Glauber Braga durante seu banho de sol, ao lado da deputada federam Sâmia Bomfim (PSOL-SP). Foto: Lula Marques/ Agência Brasil

Por Clarisse Gurgel

O que é mais difícil? Sair ou entrar numa greve de fome? Ato extraordinário, que exige duração para sua própria validade, a greve de fome é, historicamente, um ato quase último, quando já não parece restar outro recurso de enfrentamento. Diríamos, talvez, que pela sua própria natureza uma greve de fome seria, acima de tudo, um ato de resistência. Não se trata de uma ofensiva — medida ainda mais ousada, em face de um acúmulo de força — nem de um gesto insurreto, de avanço sobre a estrutura de poder. A greve de fome tem, portanto, um caráter de destaque do limite, do esgotamento: limite do até onde algo pode ser suportável. A dimensão especular não pode todavia nos confundir: aquele que recorre à greve de fome forja pra si um último recurso, pois o que pode lhe suceder é a morte, o que coloca o grevista em uma condição, a princípio, ainda mais insuportável do que aquela que o levou ao ato.
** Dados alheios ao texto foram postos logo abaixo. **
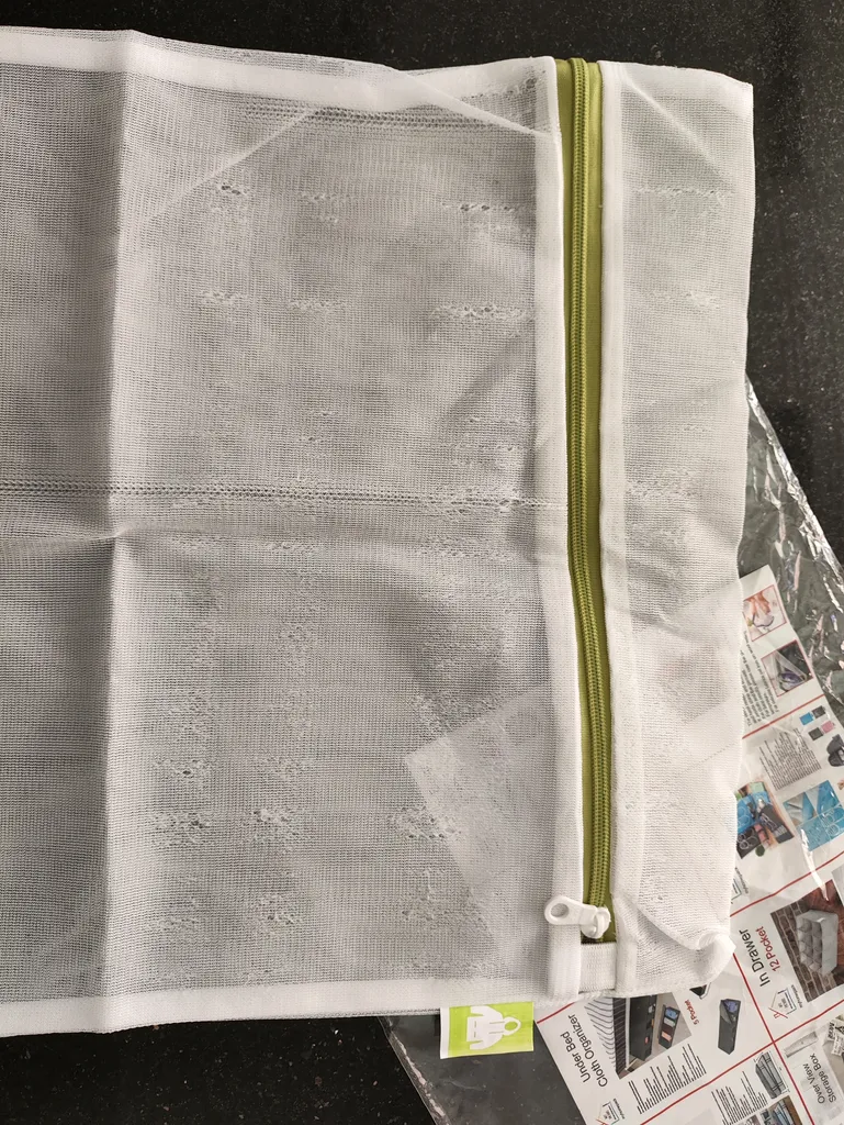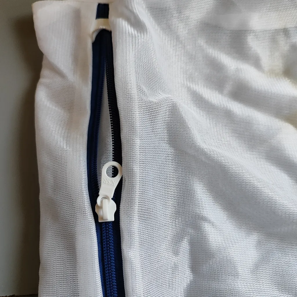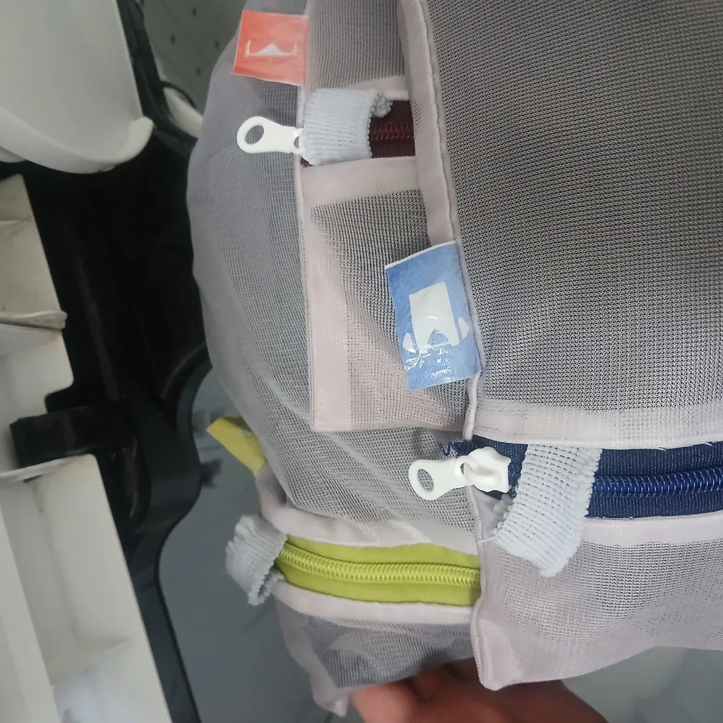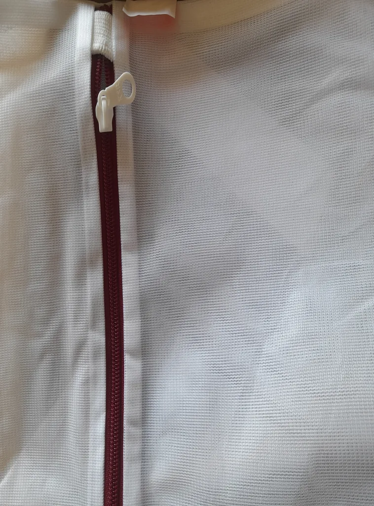 دقت کنید که قبل از قرار دادن تو لباس شویی حتما زیپشو از اون مانع انتهای زیپ رد کنید که یه موقع باز نشه. باز تو عکس هست.

A escolha pelo “aparentemente pior” destaca, contudo, a profundidade do dano, ainda não percebida.

Como bem ilustrado por postagens recentes, a história do Brasil e do mundo é marcada por greves de fome enfrentadas por grandes quadros políticos, sejam indivíduos, como Gandhi e Mandela, ou coletivos, tais como os presos políticos que enfrentaram a ditadura civil-militar de 1964 em nosso país. Em geral, há uma natureza coletiva que sempre costumou fundamentar a decisão por aderir a uma greve de fome, mesmo quando levada a cabo por apenas uma pessoa. Quando Anthony Garotinho decidiu fazer uma greve de fome, consultou pessoas próximas, alegando que ter seu rosto exibido em uma capa de revista como a face do demônio era o limite para ele, que se apresentava como uma vítima de um silenciamento político. Garotinho era então âncora de um programa de rádio, mas decidiu apelar para um gesto-limite para tentar ser ouvido. Este foi um caso em que uma greve de fome caiu no ridículo, sendo objeto da chacota de muitos.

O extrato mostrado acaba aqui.